This current install is just UFS but on other ZFS installs I tried the problem did seem to occur more frequently. Is there a UFS equivalent for that line?


----------



## kpa (Feb 28, 2013)

UFS does not suffer from the same problem as far as I know.


----------



## TobyJamesJoy (Mar 4, 2013)

This problem keeps occurring, at random intervals too. I'm going to try again on some different hardware when I can get my hands on it, until then I'll (begrudgingly) go back to Linux. Thanks for the help.

Toby.


----------



## dave (Mar 4, 2013)

Run a RAM memory test.  I have seen this type of behaviour on a machine with bad memory.  I have also seen good memory go bad.  So good idea just to rule it out, just in case.


----------



## Anonymous (Mar 4, 2013)

I would like to support *dave*. Some months ago I also experienced random freezes when setting up a new machine. I replaced the RAM and since then I had no similar failures anymore.

Some observations. This happened when summertime started here in Brazil, and at night at lower ambient temperature it took longer until the machine froze, so I was able to do some basic setups. Compiling huge ports froze the machine in any case. It would have been a nice experiment to put the CPU into the fridge, but unfortunately (for the science) the new memory arrived, and that resolved the problem.
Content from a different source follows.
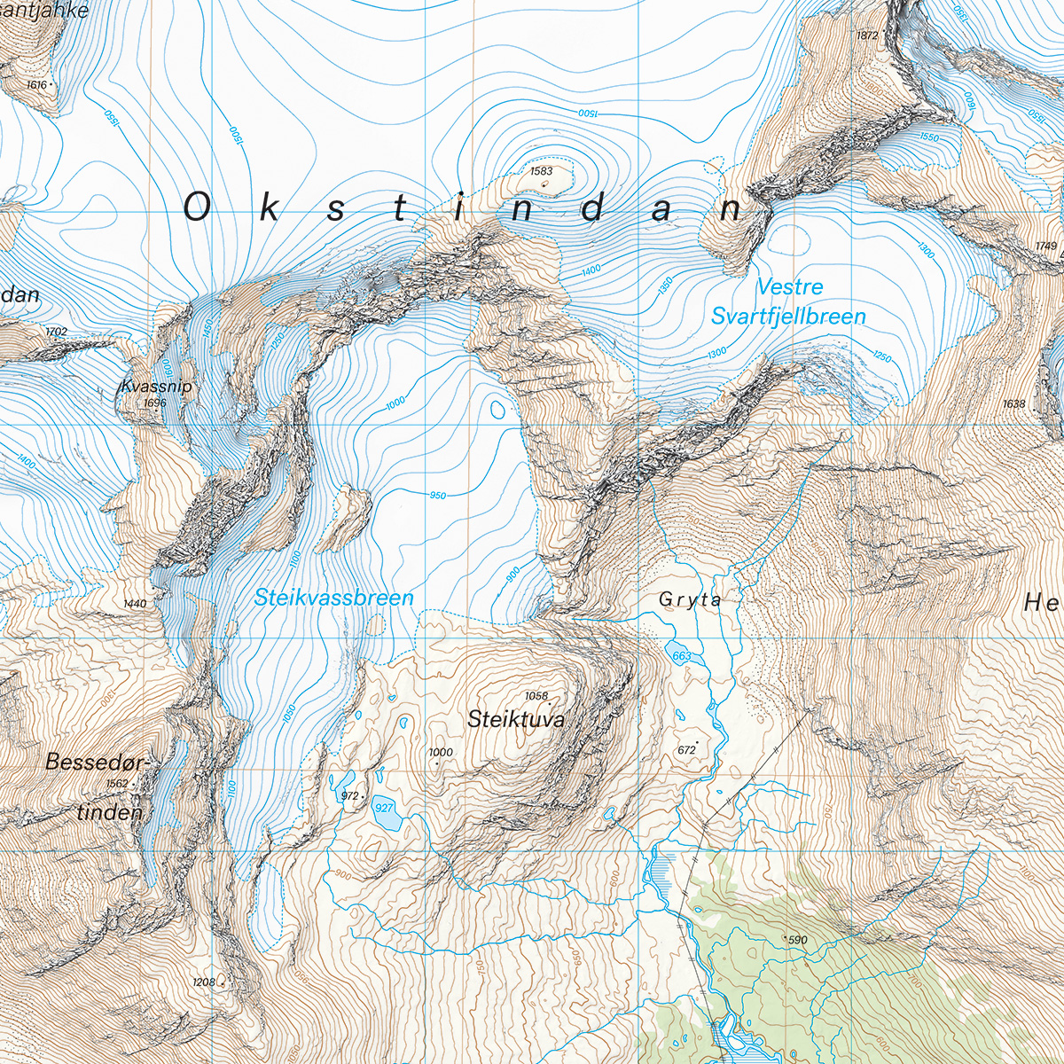 Et kart i målestokk 1:25 000 gir god støtte til deg som går på topptur, driver med brevandring eller på andre måter forlater de merkede stiene i dalbunnen og finner egne ruter oppe i høyfjellet. Det er laget i materialet Tyvek, som tåler vann, er beskyttet mot rifter og har lav vekt.

It is hot in Melbourne right now, isn't it? 


PS: Other flaky hardware may cause this too.


----------



## TobyJamesJoy (Mar 6, 2013)

Thanks dave and rolheinrich, I've already wiped FreeBSD from my drive and installed Arch Linux, but under Arch I've run a couple of RAM tests and nothing has showed up. It's probably some other component but so long as things continue to run under Linux I'll use it as a desktop and search for more reliable server hardware to get my FreeBSD on.

Thanks for your help.


----------



## TobyJamesJoy (Mar 6, 2013)

rolfheinrich said:
			
		

> I would like to support *dave*. Some months ago I also experienced random freezes when setting up a new machine. I replaced the RAM and since then I had no similar failures anymore.
> 
> Some observations. This happened when summertime started here in Brazil, and at night at lower ambient temperature it took longer until the machine froze, so I was able to do some basic setups. Compiling huge ports froze the machine in any case. It would have been a nice experiment to put the CPU into the fridge, but unfortunately (for the science) the new memory arrived, and that resolved the problem.
> 
> ...



It certainly has been hot in Melbourne recently but I don't think this is from stressing the system, the freezes are just as likely to occur when the machine is idle as when compiling.


----------